3 Ways to Get Hybrid Work Right

When Michael Martin closed on a new New York City office space last year, he knew he wanted it to be unlike any traditional space. Located in a historic building in the city’s Flatiron district, the office has fifteen foot ceilings and arched corner windows. It’s not crammed with desks, computers and white boards. Instead it boasts leather sofas, lots of plants, and high-end finishes, giving it an air of a private club or posh hotel lobby rather than a traditional office. And that’s the point.

“It’s meant to be a space where agents can come and go, do work, bring a client with a laptop, have a coffee, and or print a board package,” says Martin, the 38-year-old co-founder of real estate brokerage Avenue 8. “It can be easily activated for an event but also have conference rooms and spaces to do deep focused work.”

Many business owners are facing a tough decision when it comes to getting employees back to the office. They can mandate a return to in-person work, which many companies such as Google and Goldman Sachs have already done. They can also allow their employees to work remotely or come up with some policy in between.

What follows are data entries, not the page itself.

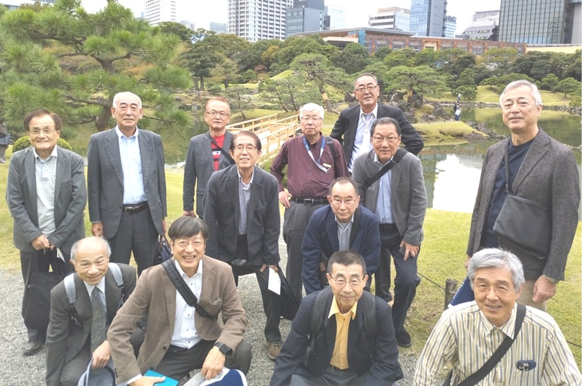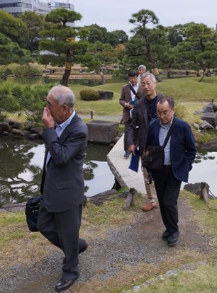 庭園の横を走る鉄道や浜松町駅、高層ビル群も視界に入り、新旧対照の光景も楽しみました。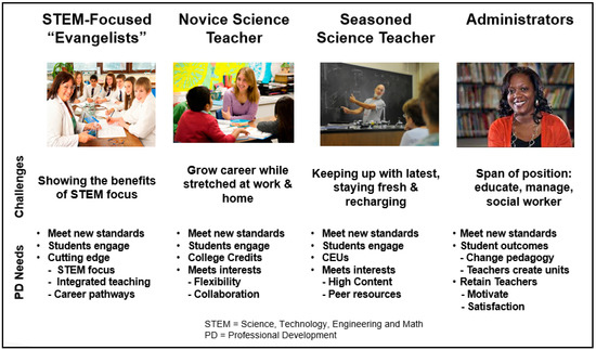 Understanding who the customer is and what their needs are was the most important part of the process. Initially we believed that our customers were middle and high-school science teachers, much like those science teachers that attended the CEEMS program at the University of Cincinnati. Although these are important customers, they were not the only customers. Through our customer research we found four different customer types, also referred to as a “customer archetype”. The four archetypes identified were: (1) STEM-focused Teachers and Admin “Evangelists”, (2) Novice Science Teachers, (3) Seasoned Science Teachers, and (4) School and District Administrators. It is worth mentioning again that during the I-Corps L training we limited our customer base to secondary-school science teachers and the decision makers who have an impact on their professional development (e.g., administrators, curriculum directors, etc.). Later this was extended to include K–12 in-service math and science teachers across elementary school to high-school grade bands. Each of these customer archetypes have their own unique set of motivations, pain points, and professional development needs that influence their purchasing decisions with respect to professional development. Through our customer research and coaching feedback, we identified those unique needs, which are summarized in Figure 4.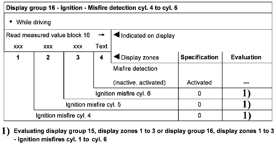 Evaluating display group 15, display zones 1 to 3 or display group 16, display zones 1 to 3 - Ignition misfires cyl. 1 to cyl. 6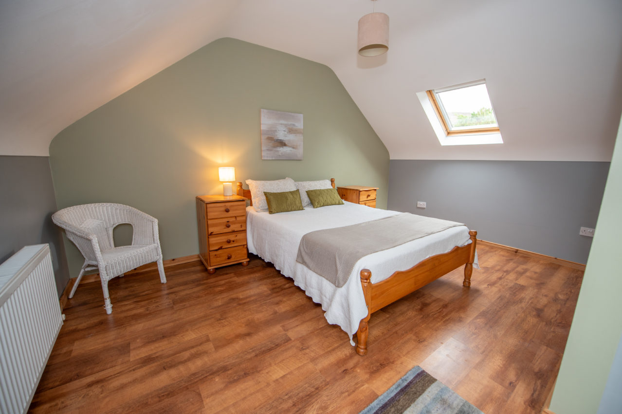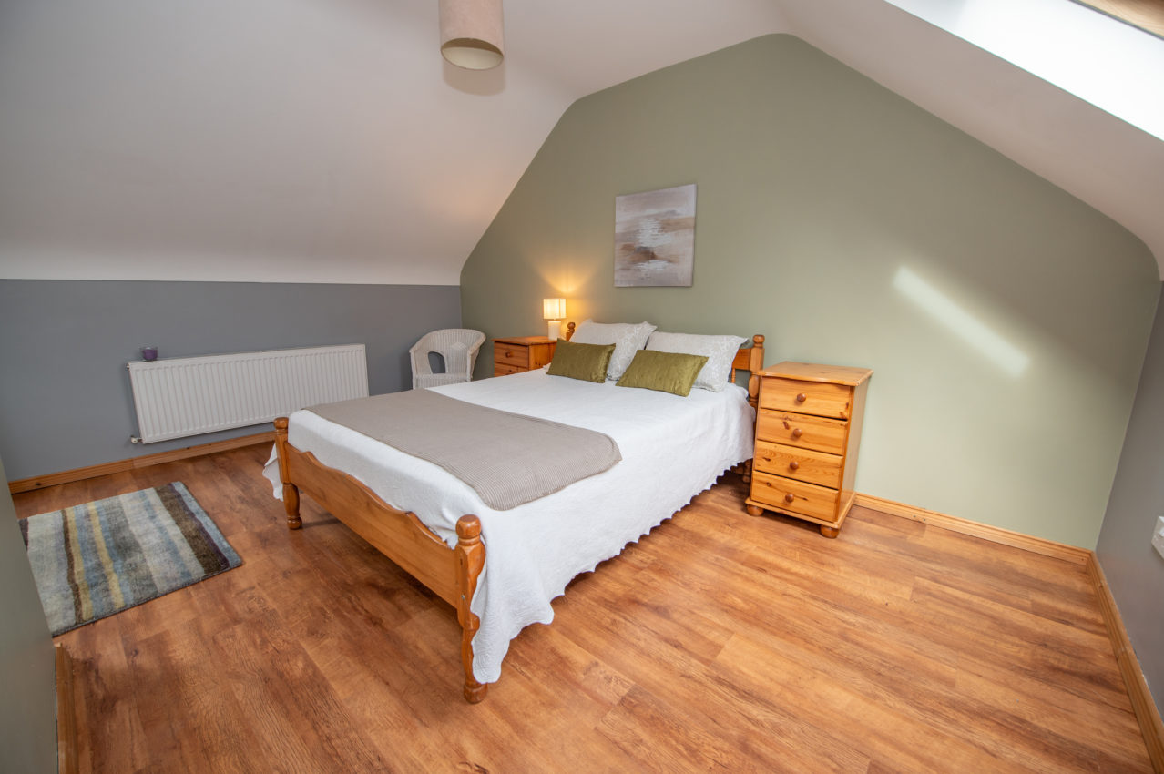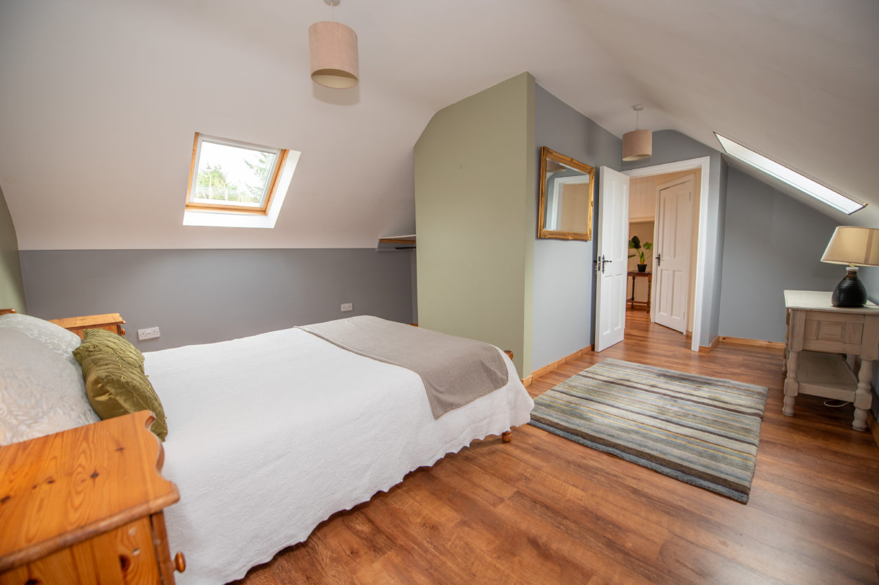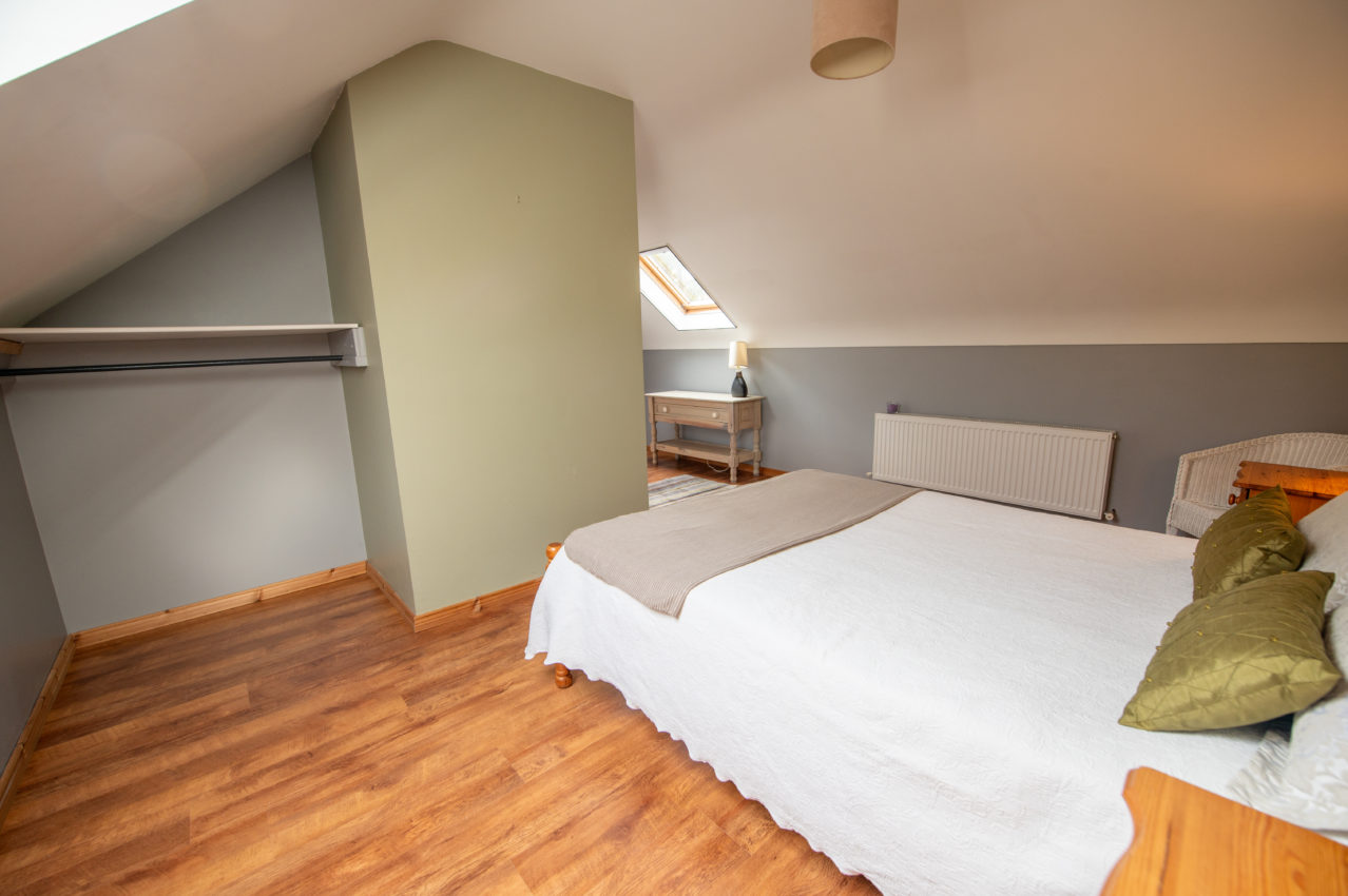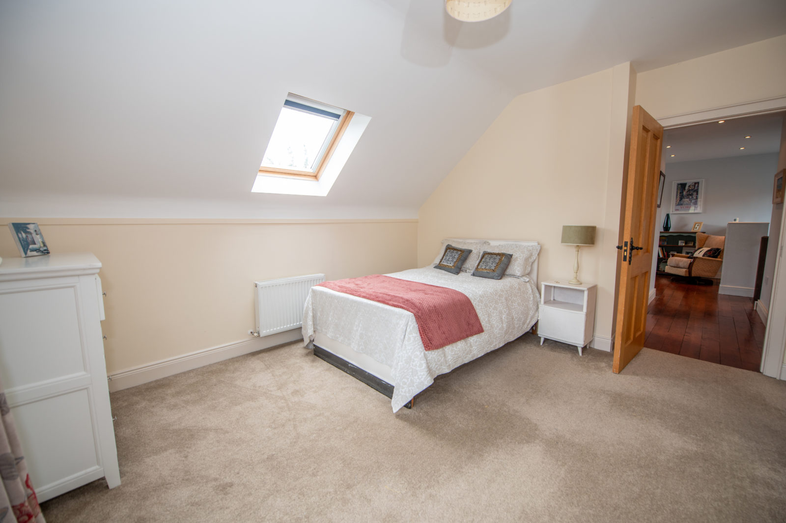 Bedroom 1; 4.43m x 5.01m laminate wooden flooring, twin Velux windows, fitted hanging rails.
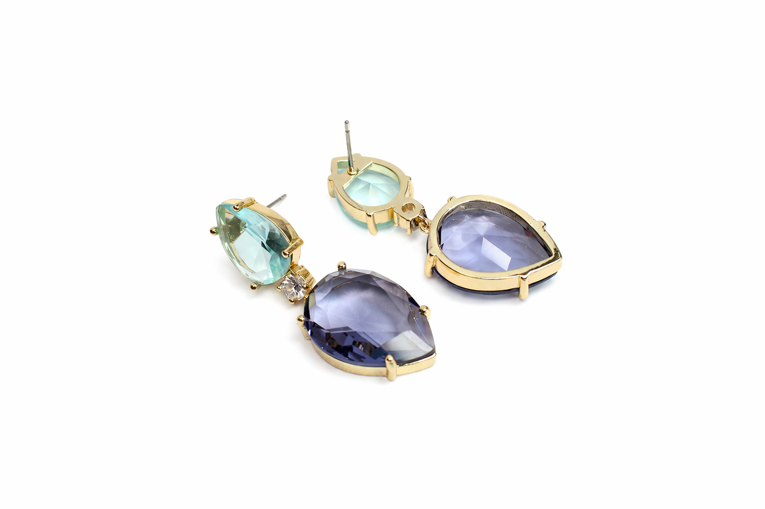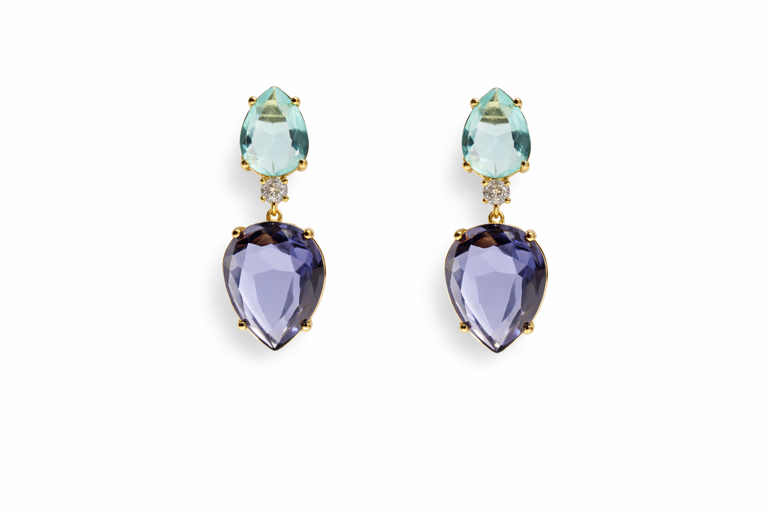 • At the top sits a pear-cut aqua-toned crystal, delicately faceted to catch the light and add a fresh, luminous glow.
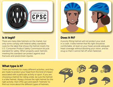 Is it the right type? if you are riding a bike, use a helmet designed for bicycling (not one for another sport).

Still others, like Martin, are hoping employees will make their own decision to venture in, and they’re sweetening the deal with revamped, multifunctional office spaces more conducive to hybrid work. 

If you’re looking to take a similar tact, here are three ideas to consider.

1. Make a good first impression.

An employee’s commute can weigh heavily on their first impression of the office environment, notes Rachel Casanova, senior managing director of workplace innovation at Cushman & Wakefield, a commercial real estate firm.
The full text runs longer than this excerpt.